# Outback vs Revolution



## seeknfin (Dec 28, 2006)

After paddling my azz off to keep up with a peddler on Saturday I'm ready to make the jump to a mirage driven yak. I spent the last hour and half making my way back to the ramp and I made two casts. That was preceded by getting sucked through the inlet at Fisherman's Island when I made a cast to breaking fish. 

If there are any of you out there that have had experiance good or bad with either of the models above I'd appreciate hearing from you.

Thanks in advance, Tim


----------



## Railroader (Apr 13, 2005)

I've owned a Hobie Sport, and currently own a Hobie Revo. I've peddled an Adventure a time or two, and fished with some guys in the Outback.

If you are going to have to fight wind or current, the Mirage 'Yaks win, hands down...

The Outback definitely gives up some speed to the Revo, but the Revo gives up some stability to the Outback. I'll take the speed of the Revo.

Either would make a great choice, if I was doing a lot of standing up, poling or sight casting, I'd pick the Outback. If I was covering a lot of big water, I'd pick the Adventure. As it happens, the Revo does JUST WHAT IT WAS DESIGNED TO DO, and that's fill the gap in the middle...

I also have a W.S. T-160i, that I love to fish out of, but if there's gonna be some wind/current involved, I'll take the Revo, every time.


----------



## BubbaBlue (May 11, 2004)

Yup.
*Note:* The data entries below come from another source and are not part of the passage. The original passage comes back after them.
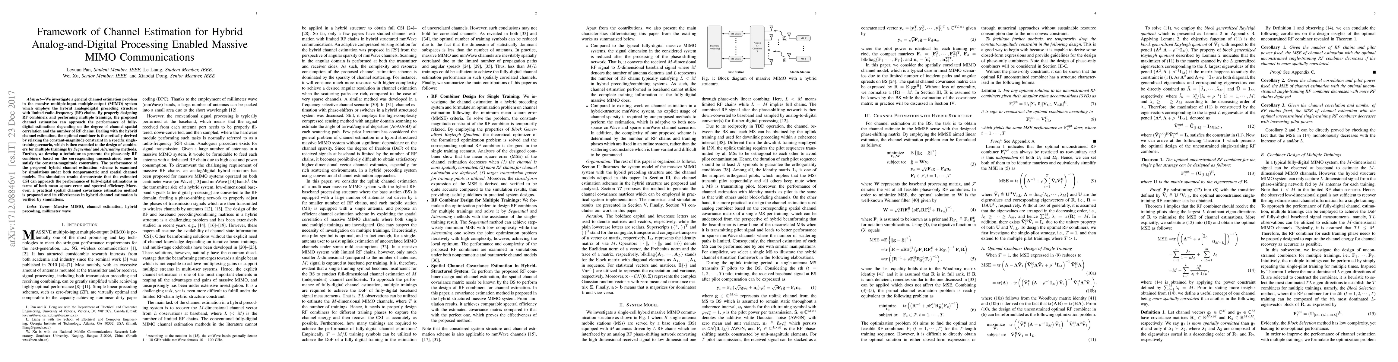 We investigate a general channel estimation problem in the massive multiple-input multiple-output (MIMO) system which employs the hybrid analog/digital precoding structure with limited radio-frequency (RF) chains. By properly designing RF combiners and performing multiple trainings, the proposed channel estimation can approach the performance of fully-digital estimations depending on the degree of channel spatial correlation and the number of RF chains. Dealing with the hybrid channel estimation, the optimal combiner is theoretically derived by relaxing the constant-magnitude constraint in a specific single-training scenario, which is then extended to the design of combiners for multiple trainings by Sequential and Alternating methods. Further, we develop a technique to generate the phase-only RF combiners based on the corresponding unconstrained ones to satisfy the constant-magnitude constraints. The performance of the proposed hybrid channel estimation scheme is examined by simulations under both nonparametric and spatial channel models. The simulation results demonstrate that the estimated CSI can approach the performance of fully-digital estimations in terms of both mean square error and spectral efficiency. Moreover, a practical spatial channel covariance estimation method is proposed and its effectiveness in hybrid channel estimation is verified by simulations.
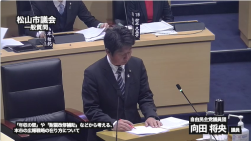 ◆向田将央議員 自民党議員団の向田将央です。一般質問をさせていただきますので、理事者の皆様におかれましては、明快な御答弁をよろしくお願いします。本日は、年収の壁や耐震改修の補助金などから考える松山市の広報戦略の在り方について取り上げたいと思います。
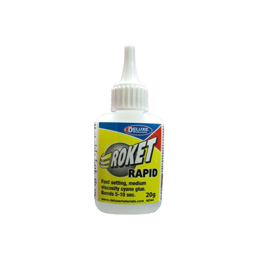 Roket Rapid: Medium viscosity, fast setting adhesive; sets 5-10 sec.
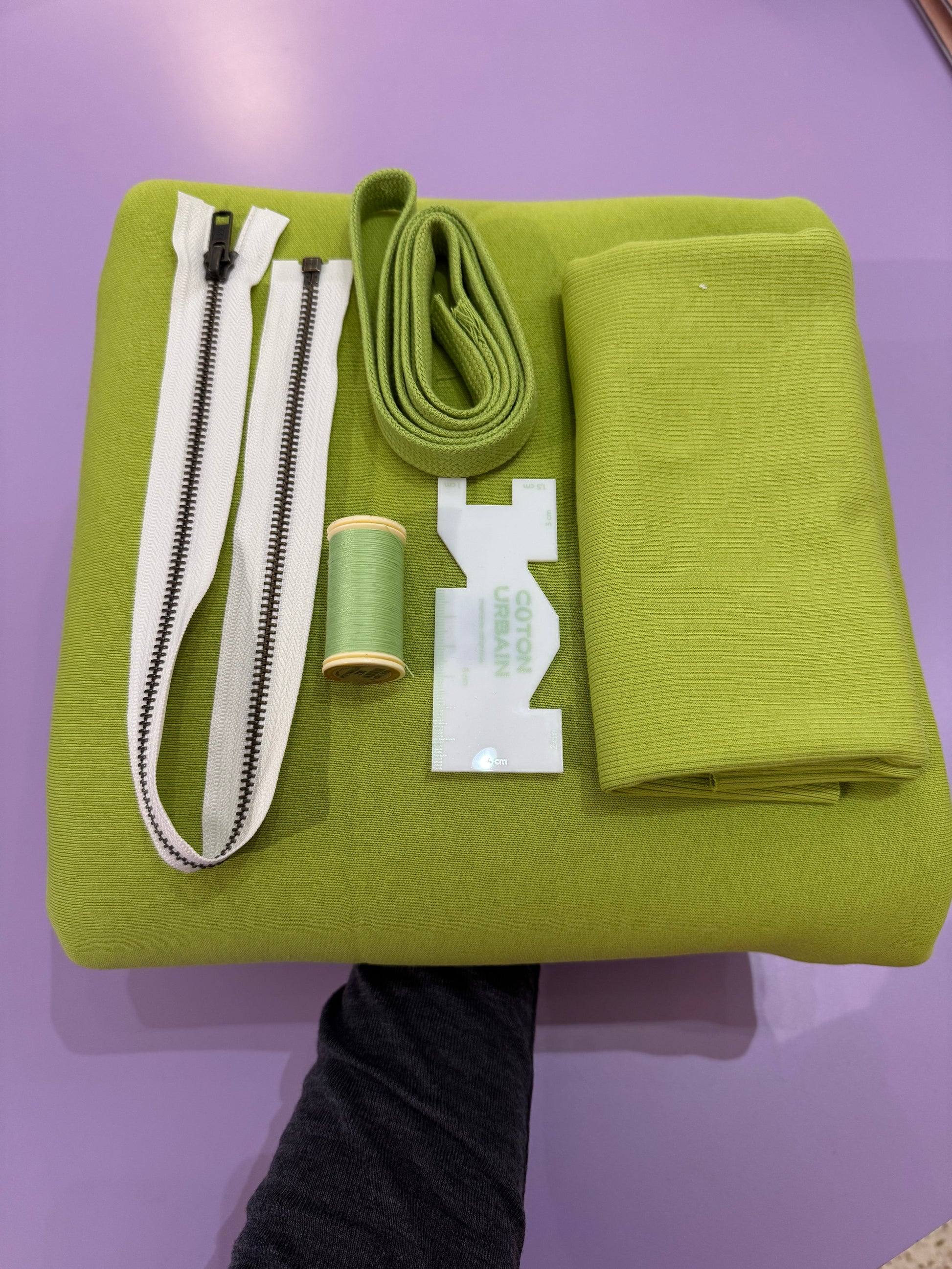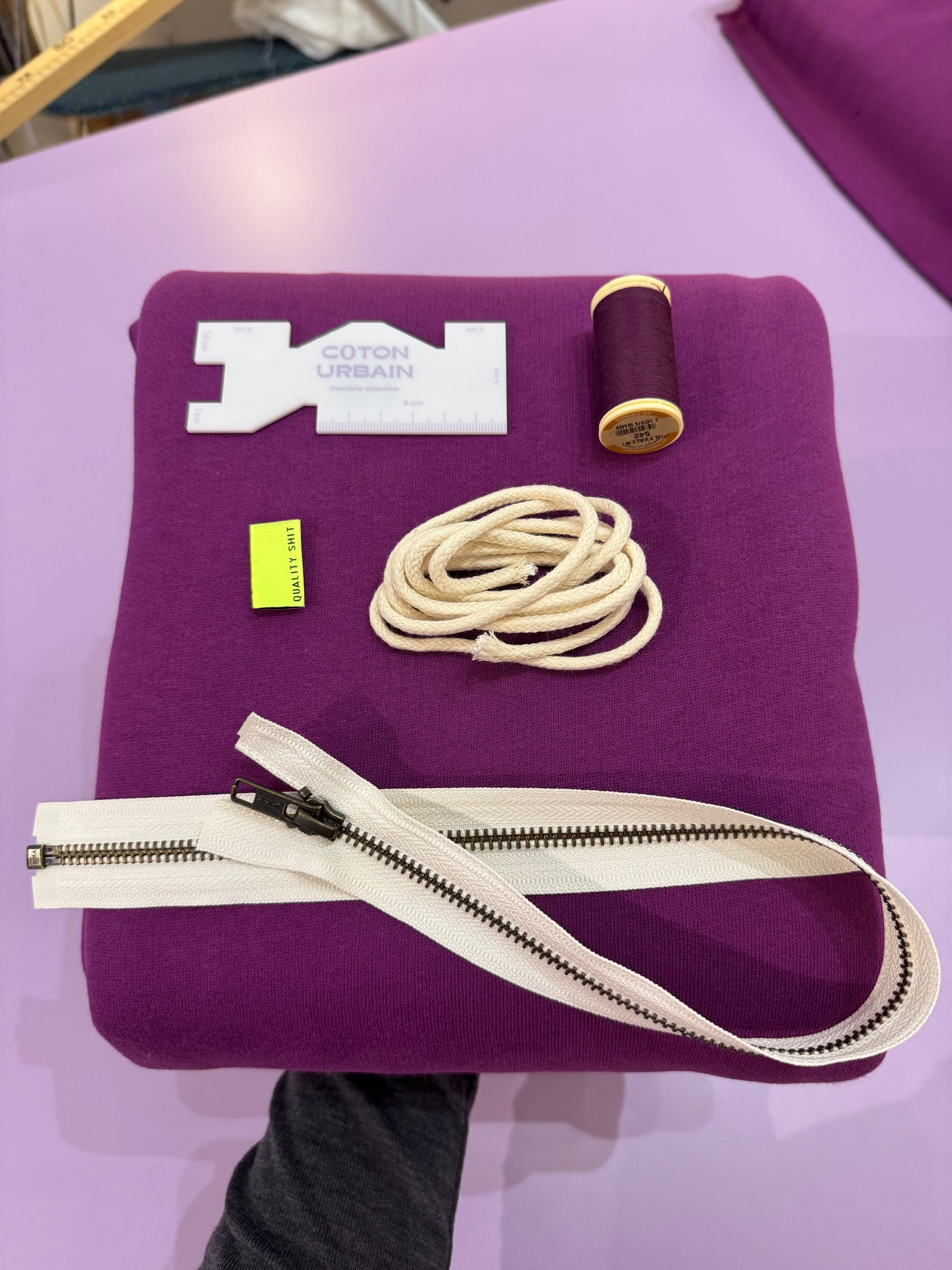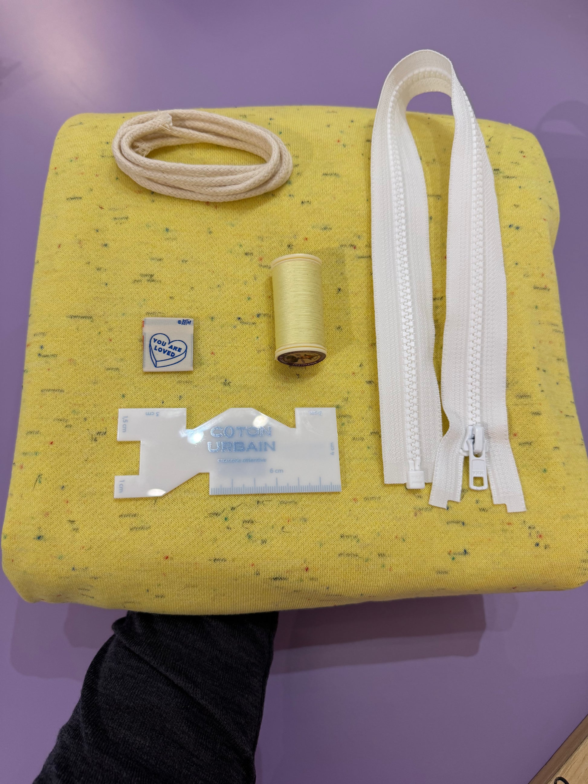 - Le coupon de tissu nécéssaire pour faire le sweat manches longues, capuche et zip
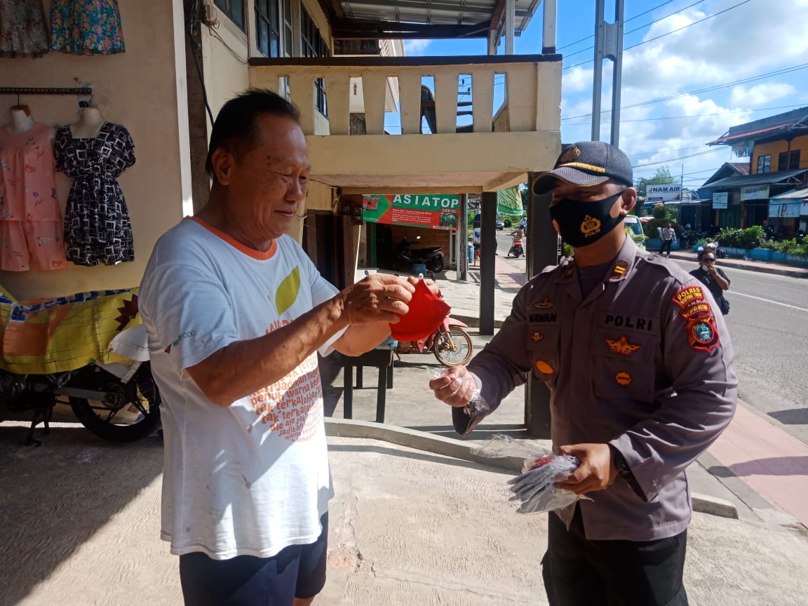 Kapolsek Gantung Iptu Wawan Suryadinata, S. Ik memimpin kegiatan pembagian masker bersama seluruh personil Polsek Gantung bersama dengan Seluruh Personil Koramil 414/03 Gantung.

What he said. 
.


----------



## mack52 (Apr 26, 2005)

*Outback*

Outback gets my vote, but just like railroader said you cant go wrong with either, once you go hands free you wont go back. I like the outback because I am a big fella, about 250lbs and with all the junk I take out, the outback gives me smooth ride and lots of storage. Plus the revo has a rounder shape in the front and that wouldnt work for me because I take my dog out some times and with the flatter front and back he can ride with no problems. With out a doubt this is the best adult toy I have ever owned. enjoy and welcome to the club.:fishing:


----------



## bbcroaker (Jan 6, 2005)

Question on peddeling a Marage drive for RR or/and Mack.
Are your legs ever bent over a 90 degree angle at the hips when peddling?
You've probably never had a need to notice that and are probably wondering why such a dumb question?
Answer: I just had a hip replacement (recouping and bored) and will be restricted to bending my leg over 90deg.and wondering if I'll be able to peddle one.Iwill try it out first though.
Thanks in advance if you decide to answer!


----------



## Railroader (Apr 13, 2005)

bbcroaker said:


> Question on peddeling a Marage drive for RR or/and Mack.
> Are your legs ever bent over a 90 degree angle at the hips when peddling?
> You've probably never had a need to notice that and are probably wondering why such a dumb question?
> Answer: I just had a hip replacement (recouping and bored) and will be restricted to bending my leg over 90deg.and wondering if I'll be able to peddle one.Iwill try it out first though.
> Thanks in advance if you decide to answer!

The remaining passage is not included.